Copying an image from a disk with bad sectors
When imaging a drive that is starting to have some bad sectors the command below can be used.
dd if=/dev/hda of=/media/USB conv=noerror,sync
This will allow dd to proceed past read errors, and pad the destination with 0’s where there were errors on the source drive (so your size and offsets will match). If you do this, you may want to consider redirecting standard-error out to a file, so you have a record of where your errors were.
Splitting images
This can be done using a couple of different methods.
The easiest method is by using the split program. The syntax for the command if you required a 4GB image to fit on CD’s would be:
dd if=/dev/hda | split –b 620m – /USB/sda/
This will run the input file (/dev/hda) through split and create several files of 620MB (-b 620m) in the directory /USB/sda/. The files will usually be called x** (* denotes a wildcard in this example)
These files can be reformed into an image file using the cat command.
Cat x* > bigimage.img
Then create a hash of the file using md5sum and compare to the original hash value.
Md5sum bigimage.img
Alternatively, if split is not available you can use dd by itself but use the skip, bs (block size) and count switches to prevent it from reading from the beginning of the file.

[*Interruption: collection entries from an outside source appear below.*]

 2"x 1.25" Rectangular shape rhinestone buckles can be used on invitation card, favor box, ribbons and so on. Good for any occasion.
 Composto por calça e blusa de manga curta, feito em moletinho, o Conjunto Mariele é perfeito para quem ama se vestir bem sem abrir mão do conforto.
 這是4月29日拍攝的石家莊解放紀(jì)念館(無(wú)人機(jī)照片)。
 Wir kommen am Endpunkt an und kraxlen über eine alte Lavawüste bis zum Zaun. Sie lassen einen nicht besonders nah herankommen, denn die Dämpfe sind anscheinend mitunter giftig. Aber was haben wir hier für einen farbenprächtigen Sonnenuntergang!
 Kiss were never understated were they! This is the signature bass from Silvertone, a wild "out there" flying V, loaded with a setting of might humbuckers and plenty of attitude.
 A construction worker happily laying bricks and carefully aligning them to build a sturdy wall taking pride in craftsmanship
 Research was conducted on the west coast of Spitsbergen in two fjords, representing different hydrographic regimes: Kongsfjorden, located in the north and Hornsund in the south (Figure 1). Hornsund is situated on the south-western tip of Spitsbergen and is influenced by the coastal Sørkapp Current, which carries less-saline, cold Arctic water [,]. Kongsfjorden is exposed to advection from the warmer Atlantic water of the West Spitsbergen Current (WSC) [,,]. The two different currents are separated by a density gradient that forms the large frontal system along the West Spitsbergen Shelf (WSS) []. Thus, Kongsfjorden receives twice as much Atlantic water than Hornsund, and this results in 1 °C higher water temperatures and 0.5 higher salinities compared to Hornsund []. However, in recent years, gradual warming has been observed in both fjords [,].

dd if=dev/hda of=/media/USB/image1.img bs=1M count=620
dd if=dev/hda of=/media/USB/image2.img bs=1M count=620 skip= 621
dd if=dev/hda of=/media/USB/image3.img bs=1M count=620 skip= 1241
dd if=dev/hda of=/media/USB/image4.img bs=1M count=620 skip= 1861
dd if=dev/hda of=/media/USB/image5.img bs=1M count=620 skip= 2481
etc………until the end of the input file.
 
What is happening here is you are telling dd to work in 1MB blocks (bs=1M), to only copy 620MB at a time (count=620) and in some cases to skip to a particular part of the input file (skip=621 etc…) thus creating several images that can then be copied to CD’s. Once on the target system and in the same directory (I will assume directory is /home/me) they can be put back together into a single image using the command below.
Cat /home/me/image* > bigimage.img
Md5sum can be run against this image and compared to the original md5 hash to verify the integrity.
Dd To a Zipped Image
You can pipe dd through gzip to save on some disk space.

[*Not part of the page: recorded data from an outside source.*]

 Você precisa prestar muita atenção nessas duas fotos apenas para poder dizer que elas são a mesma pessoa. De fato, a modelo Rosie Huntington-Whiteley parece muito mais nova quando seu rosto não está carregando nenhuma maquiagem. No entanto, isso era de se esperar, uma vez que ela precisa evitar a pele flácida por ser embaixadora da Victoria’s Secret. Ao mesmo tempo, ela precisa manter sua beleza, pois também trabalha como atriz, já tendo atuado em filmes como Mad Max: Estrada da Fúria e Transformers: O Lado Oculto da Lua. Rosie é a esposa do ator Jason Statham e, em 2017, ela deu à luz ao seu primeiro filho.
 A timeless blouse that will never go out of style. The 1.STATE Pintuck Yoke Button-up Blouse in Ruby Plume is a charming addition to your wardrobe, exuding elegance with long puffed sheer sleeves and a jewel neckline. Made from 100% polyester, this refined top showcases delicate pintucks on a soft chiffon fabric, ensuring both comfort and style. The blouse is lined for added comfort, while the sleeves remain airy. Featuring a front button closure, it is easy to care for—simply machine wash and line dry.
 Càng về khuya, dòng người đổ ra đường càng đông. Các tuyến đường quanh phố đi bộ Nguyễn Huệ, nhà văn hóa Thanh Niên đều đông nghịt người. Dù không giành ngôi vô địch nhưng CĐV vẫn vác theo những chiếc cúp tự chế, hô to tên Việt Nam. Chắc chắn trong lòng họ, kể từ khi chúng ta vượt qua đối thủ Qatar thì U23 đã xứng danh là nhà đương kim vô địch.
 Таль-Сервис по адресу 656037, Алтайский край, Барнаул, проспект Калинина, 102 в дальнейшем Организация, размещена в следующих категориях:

dd if=/dev/hda | gzip -f > /media/USB/compressed_image.img.gz
 
Using Split & Gzip Together
To help cope with size limits both gzip and split can be used together. This has the benefit of splitting the image and zipping it up also to save space and requires less work. Below is the syntax used to perform this and an explanation of the command.
dd if=/dev/hda | gzip –c | split -b 2000m – /media/USB/image.img.gz.

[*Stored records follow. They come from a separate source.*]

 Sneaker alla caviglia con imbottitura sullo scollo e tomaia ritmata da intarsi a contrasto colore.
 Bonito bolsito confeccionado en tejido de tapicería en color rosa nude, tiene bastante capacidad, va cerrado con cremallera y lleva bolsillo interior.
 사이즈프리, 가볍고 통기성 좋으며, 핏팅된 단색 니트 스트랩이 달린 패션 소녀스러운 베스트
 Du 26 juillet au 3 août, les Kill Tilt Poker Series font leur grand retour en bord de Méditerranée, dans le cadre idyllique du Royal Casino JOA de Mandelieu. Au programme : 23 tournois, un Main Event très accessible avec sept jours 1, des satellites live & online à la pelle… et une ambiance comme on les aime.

- dd is used to take an image of the harddrive.
- This is passed to gzip (-c is to stdout)
- The compressed image is then piped to the split tool (split then creates the files image.img.gzaa, image.img.gzab, etc )
To restore the multi-file backup, run the command below:
cat /USB/image.img.gz* | gzip -dc | dd of=/dev/hda
- Cat displays the contents of the zipped and split image files to stdout in order.
- Results are piped through gzip and decompressed.
- And are then written to the hard drive with dd.
Creating empty disk images
To create an empty disk image, get the data from /dev/zero. To create a 10MB image or file:
dd if=/dev/zero of=image bs=1M count=1024
Or
dd of=image bs=1M count=0 seek=1024
In the second example nothing is written, not even zeroes, we just seek 10MB into the file and close it. The result is a sparse file that is implicitly full of 10MB of zeroes, but that takes no disk space. ls -la will show 10MB, both du and df will show 0. When the file is written to, Linux will allocate disk space for the data. ls will continue to show 10MB, but du will gradually approach 10MB.
Notes:
Whilst researching the use of dd another tool was brought to my attention which is called dcfldd. This tool is like dd in many ways and uses similar syntax but is also able to produce hashes on the fly and can provide status of copying files amongst other useful features. It’s available on both Linux and Windows.